--- START ---

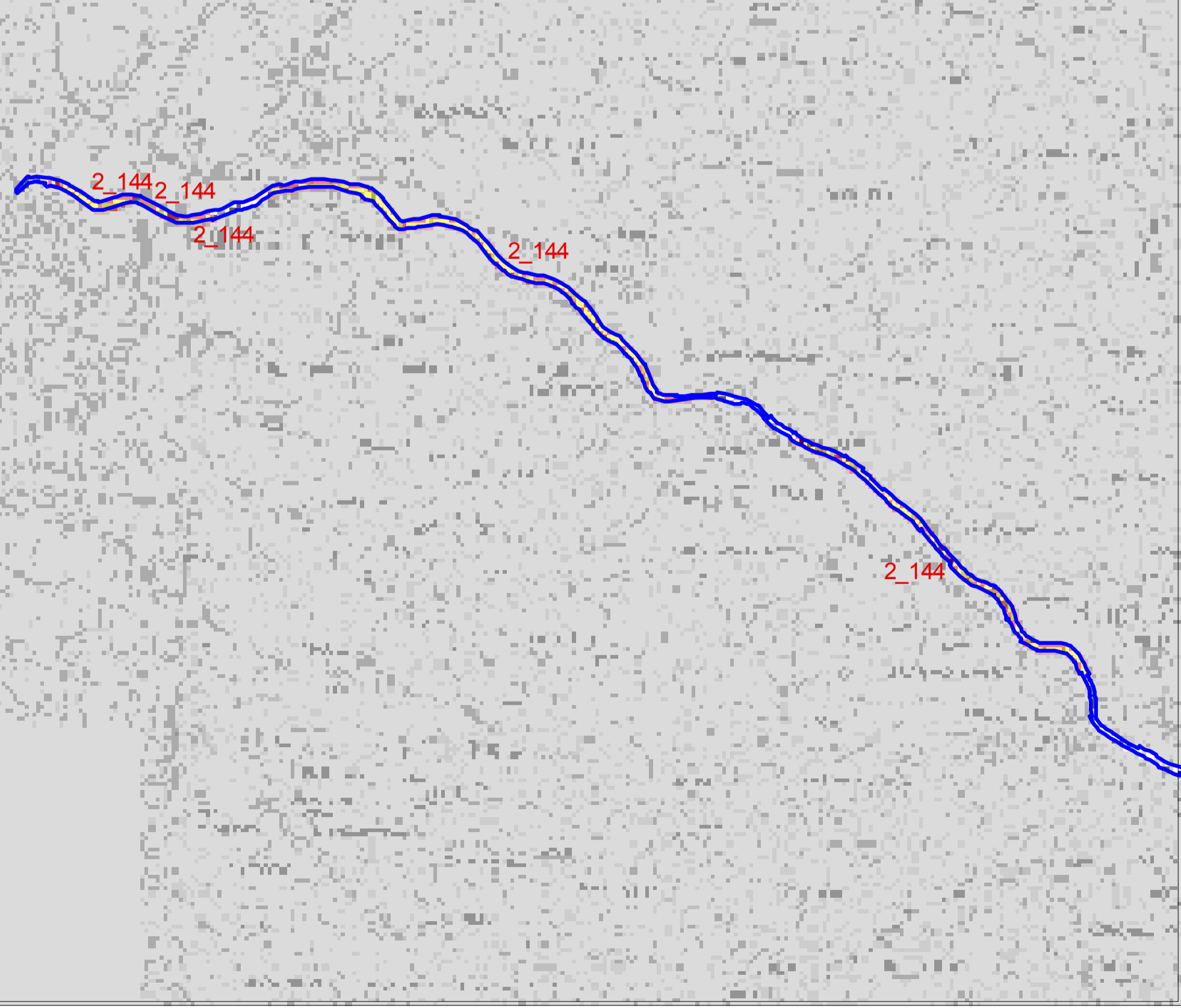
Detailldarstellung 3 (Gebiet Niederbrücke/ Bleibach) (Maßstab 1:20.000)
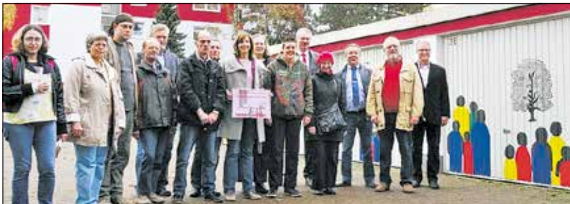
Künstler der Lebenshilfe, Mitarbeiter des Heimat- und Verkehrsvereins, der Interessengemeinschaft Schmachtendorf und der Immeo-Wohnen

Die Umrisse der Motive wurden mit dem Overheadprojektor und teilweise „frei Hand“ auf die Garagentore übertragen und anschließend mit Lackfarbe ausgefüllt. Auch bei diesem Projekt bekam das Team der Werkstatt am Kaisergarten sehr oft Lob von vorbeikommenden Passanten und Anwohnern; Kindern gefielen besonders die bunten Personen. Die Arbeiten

--- END ---

TASK ->
Would you copy all of the data exactly? Keep the pictures out of it.

SOLUTION ->
Detailldarstellung 3 (Gebiet Niederbrücke/ Bleibach) (Maßstab 1:20.000)
Künstler der Lebenshilfe, Mitarbeiter des Heimat- und Verkehrsvereins, der Interessengemeinschaft Schmachtendorf und der Immeo-Wohnen

Die Umrisse der Motive wurden mit dem Overheadprojektor und teilweise „frei Hand“ auf die Garagentore übertragen und anschließend mit Lackfarbe ausgefüllt. Auch bei diesem Projekt bekam das Team der Werkstatt am Kaisergarten sehr oft Lob von vorbeikommenden Passanten und Anwohnern; Kindern gefielen besonders die bunten Personen. Die Arbeiten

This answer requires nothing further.